> **Work item**: When you copy from the entries that follow, take only the lines from the one with "Een speciale mix van de nieuwste cressen." down to the one with "图 3-1 第二次网络公示截图", keeping both ends and dropping every picture.

> **Data provided**:
====================
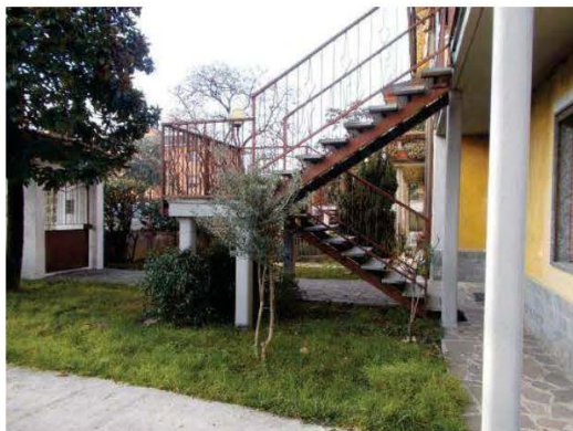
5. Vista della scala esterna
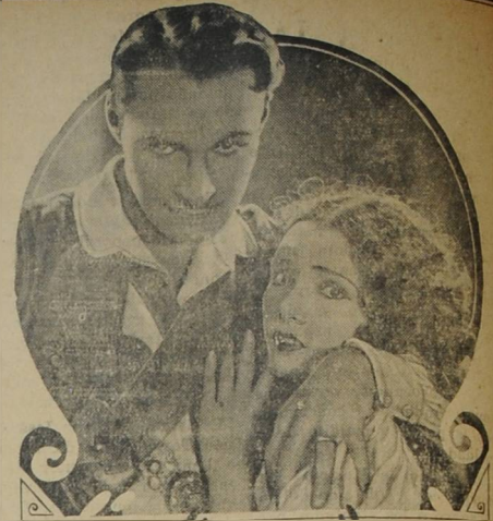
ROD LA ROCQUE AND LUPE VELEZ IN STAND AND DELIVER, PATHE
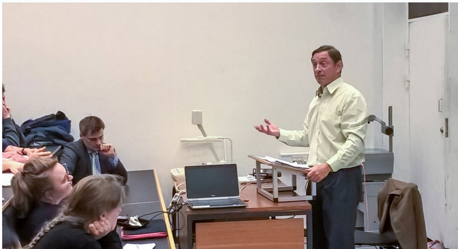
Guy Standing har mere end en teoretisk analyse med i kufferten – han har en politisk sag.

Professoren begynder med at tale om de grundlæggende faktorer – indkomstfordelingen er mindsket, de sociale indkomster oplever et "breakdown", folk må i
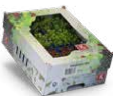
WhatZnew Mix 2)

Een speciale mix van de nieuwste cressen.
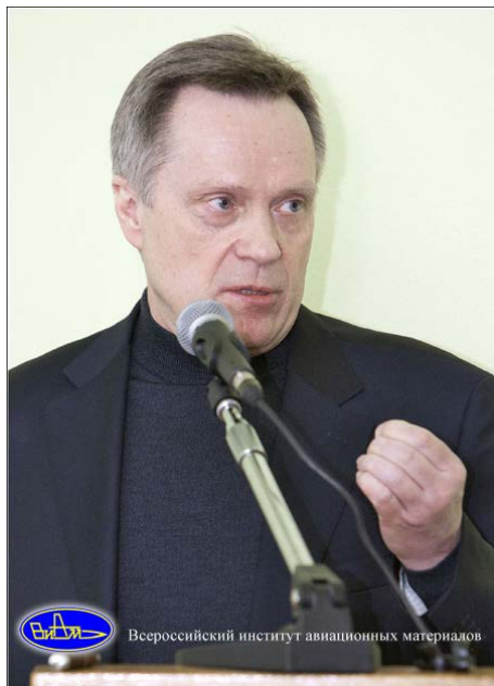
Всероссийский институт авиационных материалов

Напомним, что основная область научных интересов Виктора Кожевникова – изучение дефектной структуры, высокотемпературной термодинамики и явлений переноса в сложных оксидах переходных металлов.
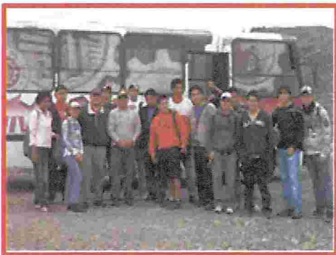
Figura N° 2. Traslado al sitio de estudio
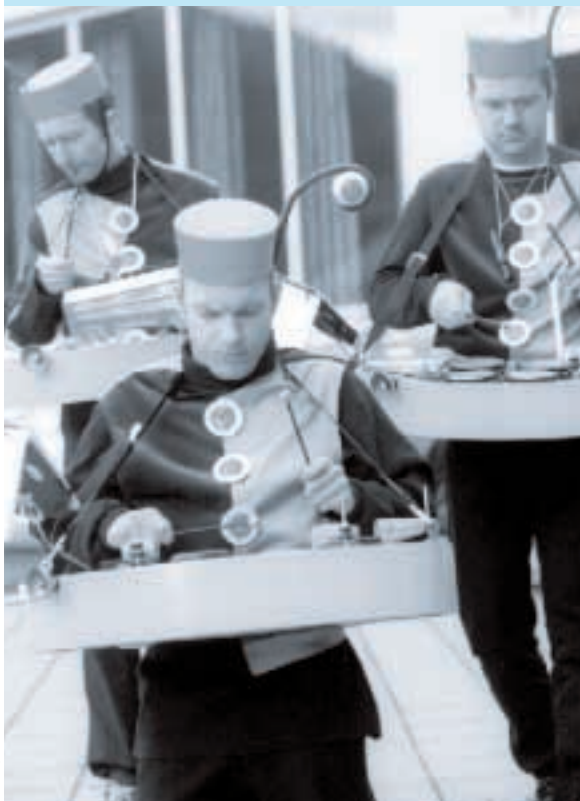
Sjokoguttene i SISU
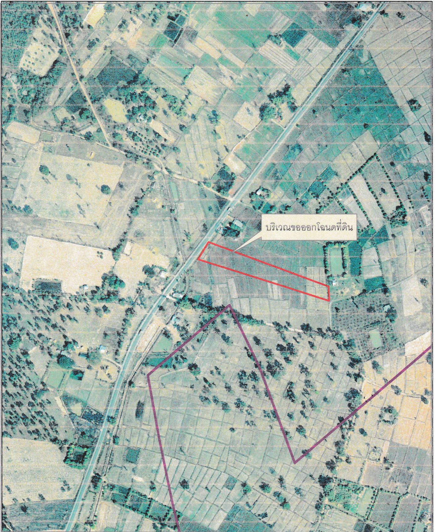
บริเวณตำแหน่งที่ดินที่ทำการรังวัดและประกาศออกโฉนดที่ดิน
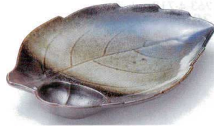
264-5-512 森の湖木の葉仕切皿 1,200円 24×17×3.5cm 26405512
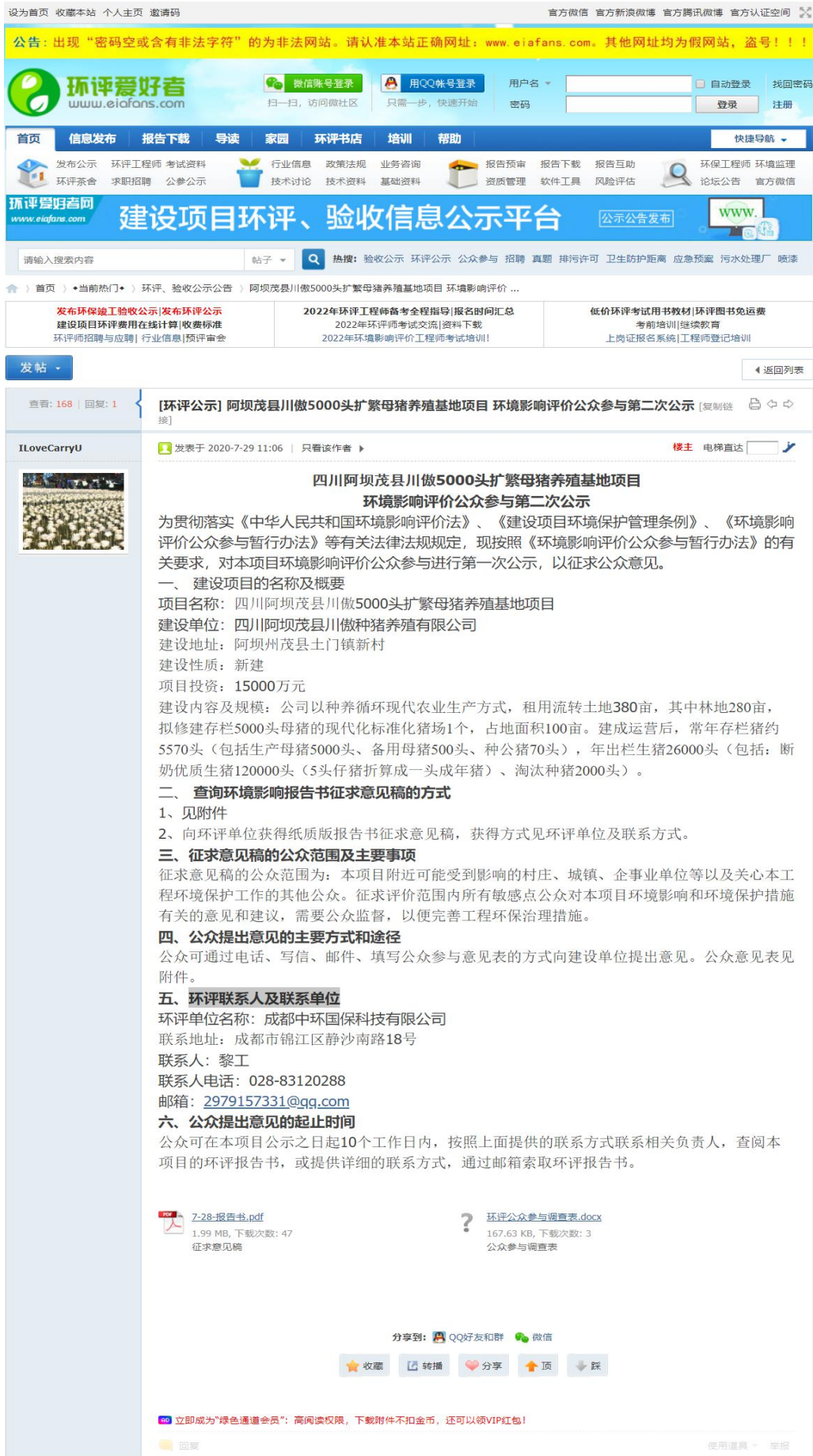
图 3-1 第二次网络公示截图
====================
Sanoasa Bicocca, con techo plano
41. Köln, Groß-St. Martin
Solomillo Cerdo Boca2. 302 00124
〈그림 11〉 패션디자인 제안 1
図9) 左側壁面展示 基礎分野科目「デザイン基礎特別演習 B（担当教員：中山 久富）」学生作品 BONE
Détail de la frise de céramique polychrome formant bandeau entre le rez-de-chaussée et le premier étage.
====================
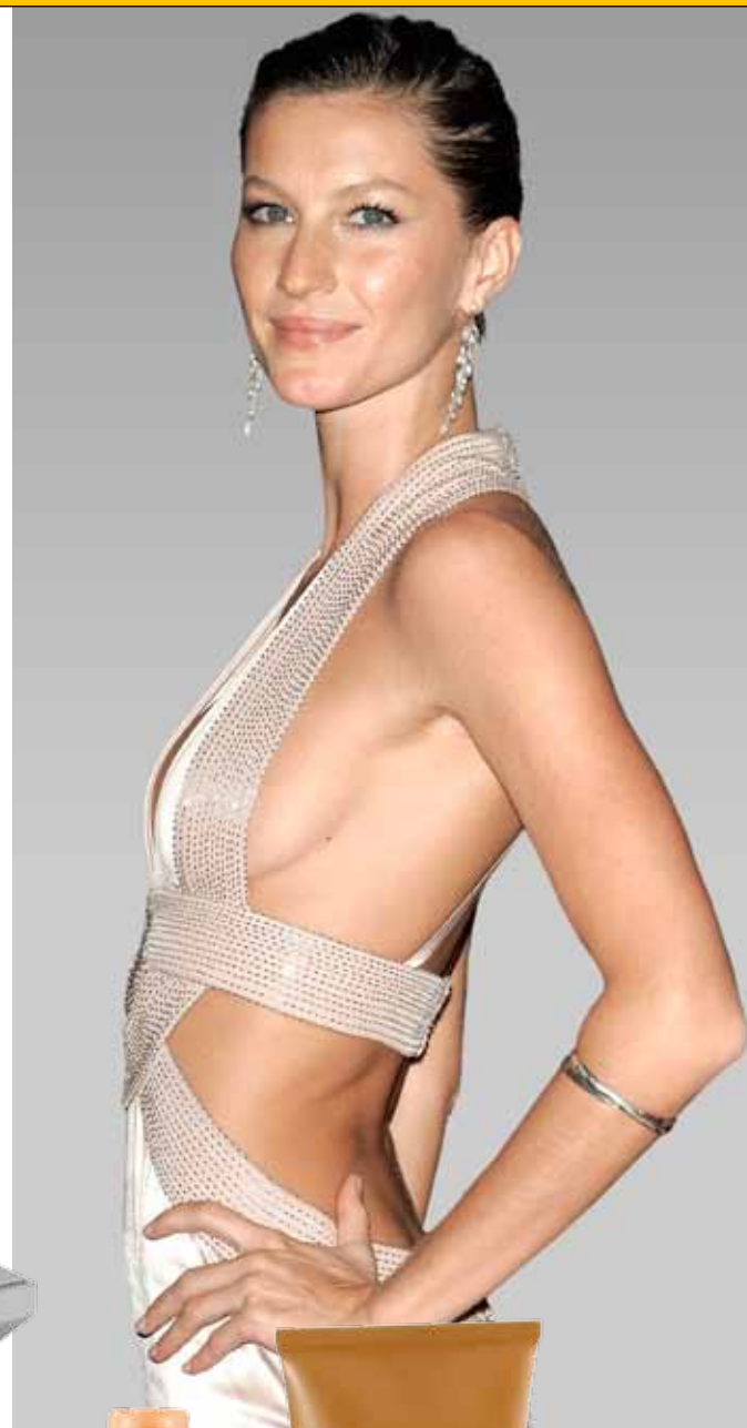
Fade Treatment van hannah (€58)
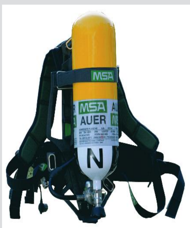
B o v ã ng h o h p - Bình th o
====================
> **Answer section**:
Een speciale mix van de nieuwste cressen.
Всероссийский институт авиационных материалов

Напомним, что основная область научных интересов Виктора Кожевникова – изучение дефектной структуры, высокотемпературной термодинамики и явлений переноса в сложных оксидах переходных металлов.
Figura N° 2. Traslado al sitio de estudio
Sjokoguttene i SISU
บริเวณตำแหน่งที่ดินที่ทำการรังวัดและประกาศออกโฉนดที่ดิน
264-5-512 森の湖木の葉仕切皿 1,200円 24×17×3.5cm 26405512
图 3-1 第二次网络公示截图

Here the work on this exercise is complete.